The appellant in In re Marriage of Critzer (D6 Mar. 11, 2022 no. H047809) 2022 WL 736174 (nonpub. opn.) made not one, not two, but three mistakes in his notice of appeal. And he lost his appeal because of those mistakes. Here is what he did wrong:
- First, the appellant was appealing two things: a set of QDRO orders (qualified domestic relations order, a form of alimony), and an amended status-only judgment (just changing the date of the original status-only judgment). The QDROs were entered October 24. The amended judgment was entered October 25. But when the appellant filed his notice of appeal, he indicated the date of the order or judgment he was appealing from was October 25. So the first lesson is: mind the date of the order you are appealing from.
- Next, filling out the optional Judicial Council notice of appeal form, the appellant checked several boxes describing what he was appealing from.

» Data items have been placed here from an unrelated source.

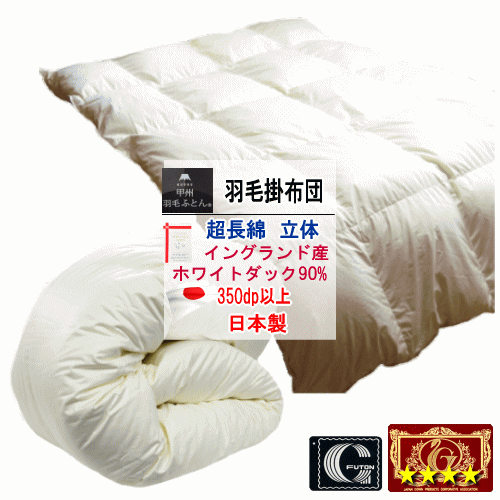 羽毛布団 掛け布団 イングランド産ホワイトダック 90% ダウン エクセルゴールドラベル 350dp以上 超長綿 綿100% 日本製【P2】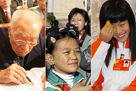 十七大上的“最大”與“最小”   年齡最大的代表——方強;年齡最小代表——女子佩劍運動員譚雪;年齡最小的記者——吳梓曼。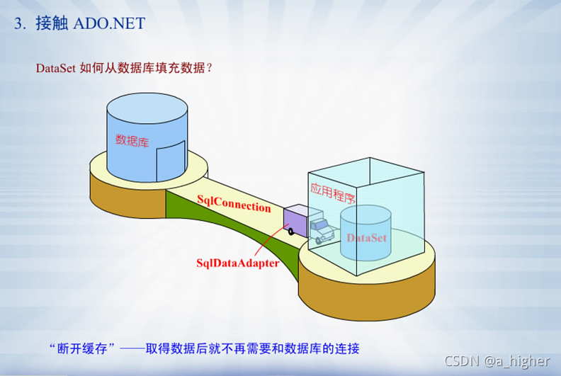 白话说:adapter去把数据从数据库拿到应用程序,先建立连接,设置sql去操作数据库,得到数据放到dataset,这个适配器模式,把command作为成员变量,dataset作为参数传入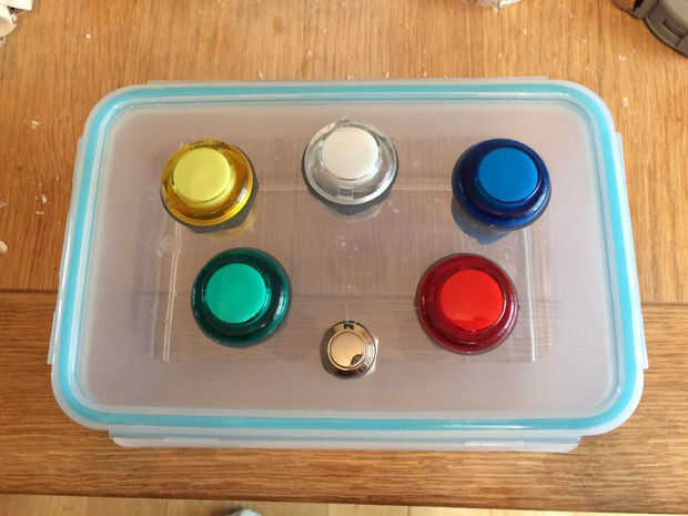 Luego me fui con cinco botones de colores para que los cambios de color principal un botón más pequeño de la astilla para la configuración de disco/patrón. Fui con un botón estilo diferente ya que no podía obtener el mismo estilo individualmente pero también pensé que parecía fresco y una sensación diferentes que sería buena para los chicos.
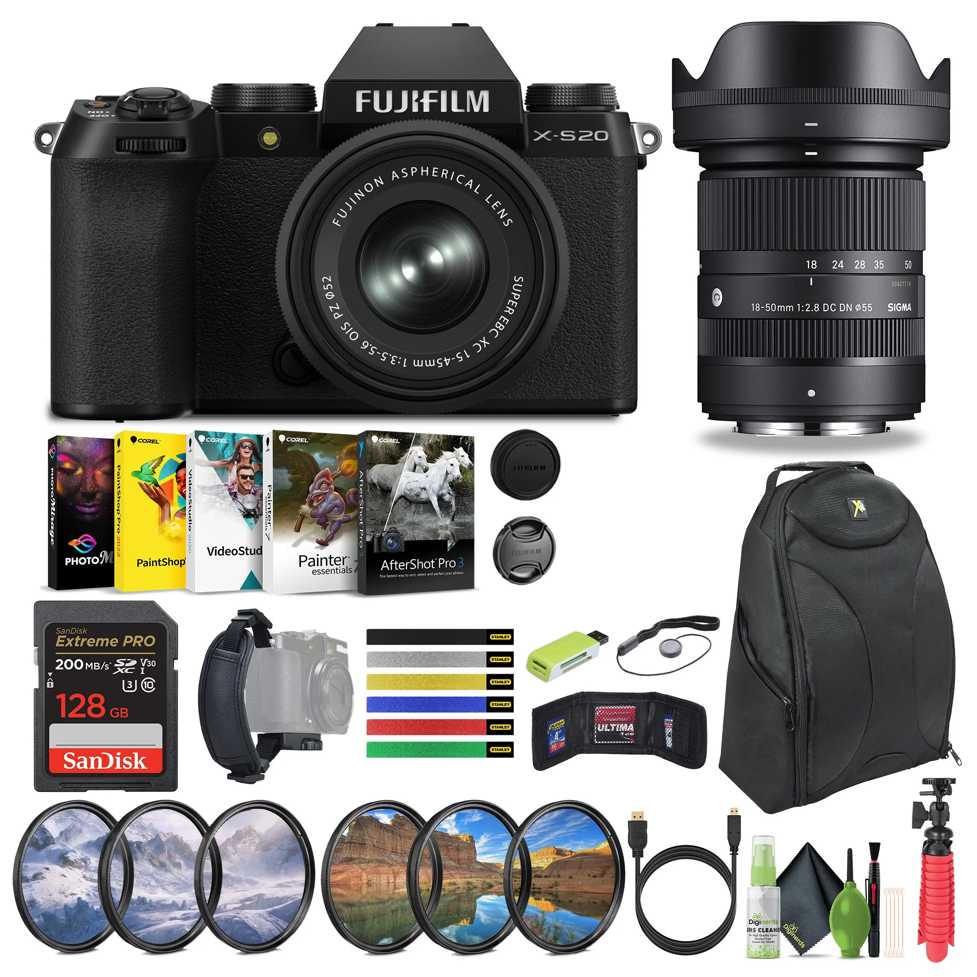 FUJIFILM X-S20 Mirrorless Camera With 15-45mm + Sigma 18-50mm f/2.8 DC DN Contemporary Lens - Curated Treasures Market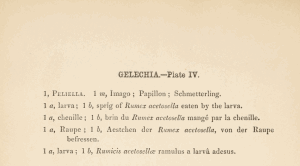 - Stainton, H. T. (1865): The natural history of the Tineina 9: [I-VII], 1-276, Gelechia pl. I-VIII. London (John van Voorst) – Paris (Deyrolle) – Berlin (E. S. Mittler und Sohn). — Digitalisat auf archive.org: [106-115], [pl. IV fig. 1].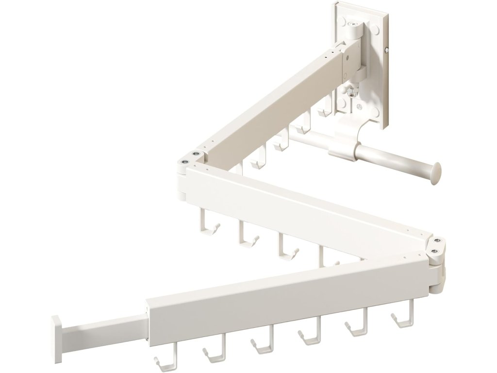 Součástí konstrukce jsou integrované háčky, které umožňují zavěšení ramínek, ručníků nebo doplňků. Po složení přiléhá věšák ke zdi a nenarušuje vzhled místnosti.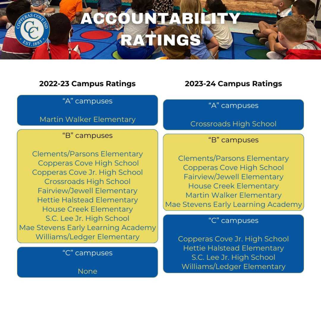 Joining House Creek with a B rating were nearly all other CCISD campuses, including Clements/Parsons Elementary, Fairview/Jewell Elementary, Hettie Halstead Elementary, Mae Stevens Early Learning Academy, Williams/Ledger Elementary, Copperas Cove High School, Copperas Cove Junior High, Crossroads High School, and S.C. Lee Junior High.

He indicated “judgment,” and also “judgment after court trial,” and also “order or judgment under Code of Civil Procedure, § 904.1(a)(3)-(13).” But the appellant did not check the boxes for an order after a judgment (Code Civ. Proc., § 904.1(a)(2)). The court held that QDRO orders are appealable as postjudgment orders. (Comment: But not exclusively. Several cases have held support orders are appealable under Family Code section 3554, the statute that makes family court orders appealable as in other civil actions. And thus the operative subdivision under Code of Civil Procedure section 904.1 is (a)(10), referring to orders made appealable under the Family Code. True, subdivision (a)(10) via section 3554 is a rather circuitous exercise, but then, so is the Judicial Council form notice of appeal box-checking section: the rules do not require that the notice of appeal identify the authority for taking the appeal, so the only upshot of the exercise is only to trick litigants into dismissing their appeals reading their orders out of the notice. [See prior discussion on this here, here, and here.])

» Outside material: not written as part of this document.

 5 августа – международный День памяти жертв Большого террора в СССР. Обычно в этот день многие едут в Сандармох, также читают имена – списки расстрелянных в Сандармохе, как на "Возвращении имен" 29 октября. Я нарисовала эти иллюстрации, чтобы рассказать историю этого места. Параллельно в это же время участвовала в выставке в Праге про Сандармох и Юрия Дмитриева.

- Third, the appellant did not identify the QDRO orders in his Civil Case Information Statement. This is the document the Court of Appeal relies upon to preliminarily determine its jurisdiction. For this purpose, appellants are required to attach the orders they are appealing. I have seen several opinions resolve dubious notices of appeal by looking to the Civil Case Information Statement. But the appellant here only attached the amended status-only judgment and not the QDROs. This was the final straw.
The lesson here: Mind the Civil Case Information Statement. If you made any omissions in the notice of appeal, this is your last and best place to correct them.

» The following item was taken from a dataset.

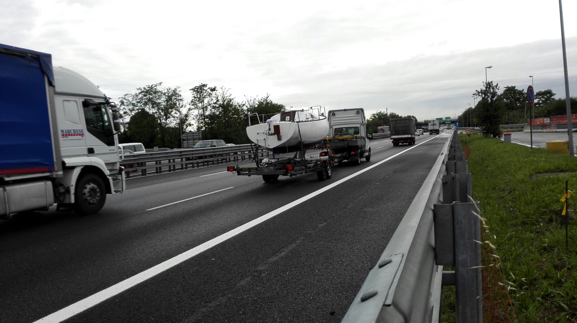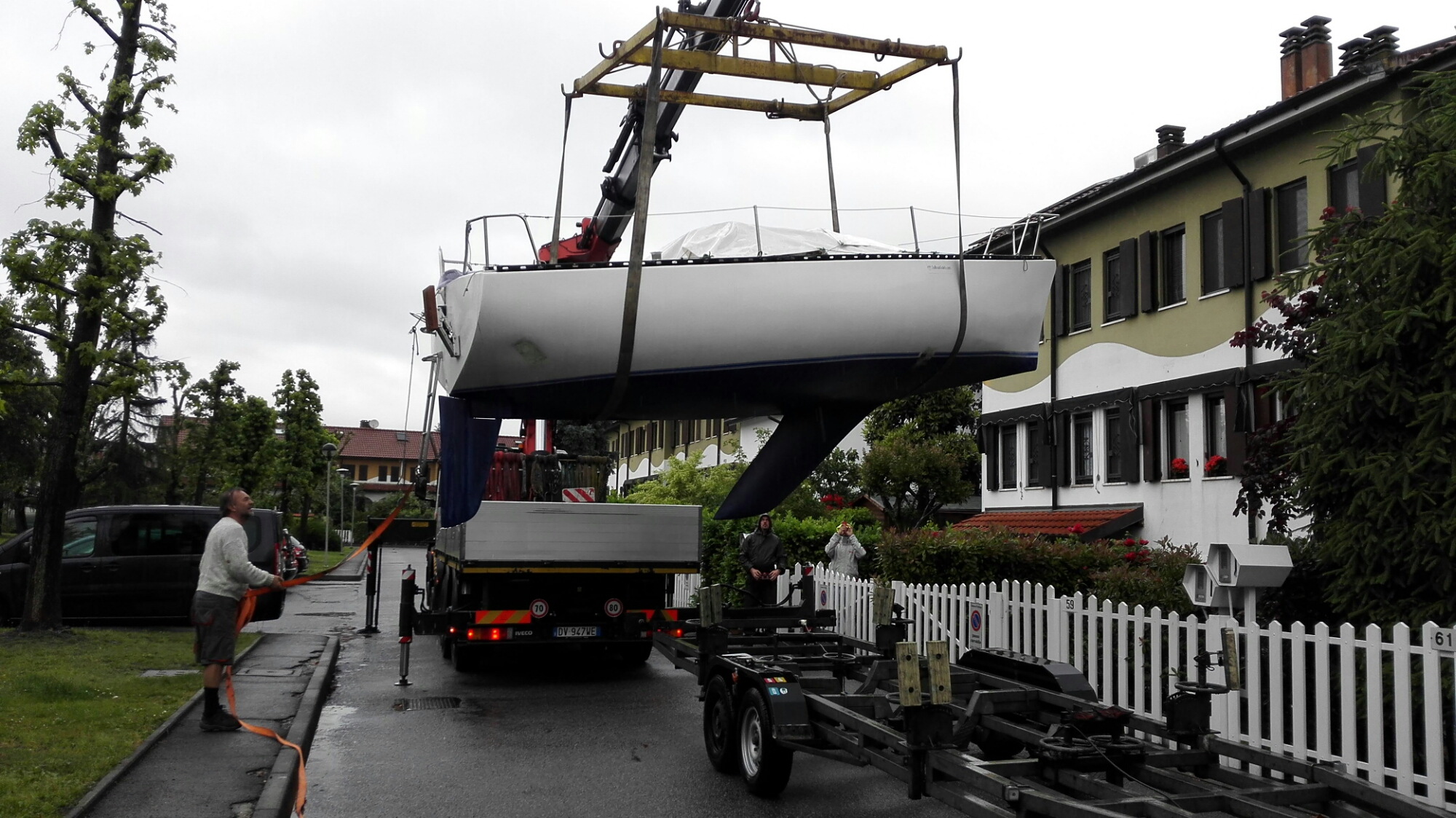 Mentre penso ad altri progetti, sono già in autostrada. Sta smettendo di piovere, ma verso il lago d’Orta, dove la gru è pronta a far galleggiare finalmente questa piccola barca a vela, si sta schiarendo il cielo.

Had the appellant made fewer than all three of these errors, his appeal may have survived. The court took care to recite the policy that a notice of appeal is to be construed liberally so that appeals are not dismissed for insignificant oversights in the notice of appeal: “ ‘[I]t is, and has been, the law of this state that notices of appeal are to be liberally construed so as to protect the right of appeal if it is reasonably clear what [the] appellant was trying to appeal from, and where the respondent could not possibly have been misled or prejudiced.’ (Luz v. Lopes (1960) 55 Cal.2d 54, 59; see also rule 8.100(a)(2) [‘notice of appeal must be liberally construed’].) A notice of appeal ‘is sufficient if it identifies the particular judgment or order being appealed.’ (Rule 8.100(a)(2).)” (In re Joshua S. (2007) 41 Cal.4th 261, 272.)”
But, “[t]he rule favoring appealability in cases of ambiguity cannot apply where there is a clear intention to appeal from only part of the judgment or one of two separate appealable judgments or orders.” (Norman I. Krug Real Estate Investments, Inc. v. Praszker (1990) 220 Cal.App.3d 35, 47.)”
Because the appellant made all three of these errors, it evinced a “clear intention” he was not appealing from the QDRO orders.
(Note: The court also explained why the appellant’s case was not very attractive on the merits.)